After node addition ONS was not able to start.
CRS-0215: Could not start resource 'ora.rac2.ons'.
Problem :-
onsctl start
Number of onsconfiguration retrieved, numcfg = 2
onscfg[0]
{node = node1, port = 6251}
Setting remote port from OCR repository to 6251
Adding remote host nodename:6251
onscfg[1]
{node = node2, port = 6251}
Adding remote host sai_db2:6251
Number of onsconfiguration retrieved, numcfg = 2
onscfg[0]
{node = node3, port = 6251}
Setting remote port from OCR repository to 6251
Adding remote host nodename:6251
onscfg[1]
{node = node4, port = 6251}
Adding remote host nodename:6251
onsctl: ons failed to start
$CRS_HOME/bin/onsctl ping
Number of onsconfiguration retrieved, numcfg = 2
onscfg[0]
{node = NODE1, port = 6251}
Setting remote port from OCR repository to 6251
Adding remote host SGRAC1:6251
onscfg[1]
{node = NODE2, port = 6251}
Adding remote host SGRAC2:6251
ons is not running …
Trouble shoot :-
Check the log file "the / u01/app/oracle/product/10.2.0/crs/log/rac2/racg/ora.rac2.ons.log"

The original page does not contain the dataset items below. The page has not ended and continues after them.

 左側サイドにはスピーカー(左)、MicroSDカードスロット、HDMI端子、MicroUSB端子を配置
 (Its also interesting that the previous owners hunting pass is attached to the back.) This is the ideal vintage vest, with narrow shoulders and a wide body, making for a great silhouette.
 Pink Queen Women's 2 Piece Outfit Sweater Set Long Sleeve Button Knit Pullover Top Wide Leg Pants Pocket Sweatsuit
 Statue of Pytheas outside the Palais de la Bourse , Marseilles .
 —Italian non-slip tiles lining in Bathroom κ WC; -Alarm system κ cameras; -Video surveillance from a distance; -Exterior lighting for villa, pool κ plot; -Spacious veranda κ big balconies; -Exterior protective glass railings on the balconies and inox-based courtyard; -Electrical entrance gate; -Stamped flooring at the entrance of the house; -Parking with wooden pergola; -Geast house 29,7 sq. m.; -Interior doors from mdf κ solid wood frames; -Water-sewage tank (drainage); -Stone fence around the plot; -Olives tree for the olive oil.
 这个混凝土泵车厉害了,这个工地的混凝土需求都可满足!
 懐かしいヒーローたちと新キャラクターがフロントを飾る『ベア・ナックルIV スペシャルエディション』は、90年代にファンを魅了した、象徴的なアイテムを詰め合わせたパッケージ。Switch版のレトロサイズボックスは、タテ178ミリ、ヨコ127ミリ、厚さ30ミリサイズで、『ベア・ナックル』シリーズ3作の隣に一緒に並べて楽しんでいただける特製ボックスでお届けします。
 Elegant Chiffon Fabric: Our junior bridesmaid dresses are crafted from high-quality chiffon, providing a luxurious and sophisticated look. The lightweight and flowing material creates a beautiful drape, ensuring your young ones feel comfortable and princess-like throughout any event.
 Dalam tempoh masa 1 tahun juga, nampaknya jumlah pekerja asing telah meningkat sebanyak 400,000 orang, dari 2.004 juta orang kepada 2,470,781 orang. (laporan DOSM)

There can be multiple issues
Issue 1.
Failed to get IP for localhost (4)
Failed to get IP for localhost (4)
onsctl: ons failed to start
Issue 2
Adding remote host node_name:6251
onsctl: ons failed to start
Solution:-
Issue 1.
Add localhost IP "127.0.0.1" Manually in /etc/hosts.
Then retry to start the ONS, it should work.
Issue 2.
add a new configuration with the full host name
#racgons add_config
node1:6251 |
#racgons add_config node2:6251 |
#racgons add_config node3:6251 |
#racgons add_config node4:6251
---------------------------------------------------------------------------------------------------------------------------------
Investigating Further
Cause 1: Host name retrieved from "hostname" command does not match host name registered in OCR. OS hostname returns fully qualified name (with domain name) while OCR shows short name.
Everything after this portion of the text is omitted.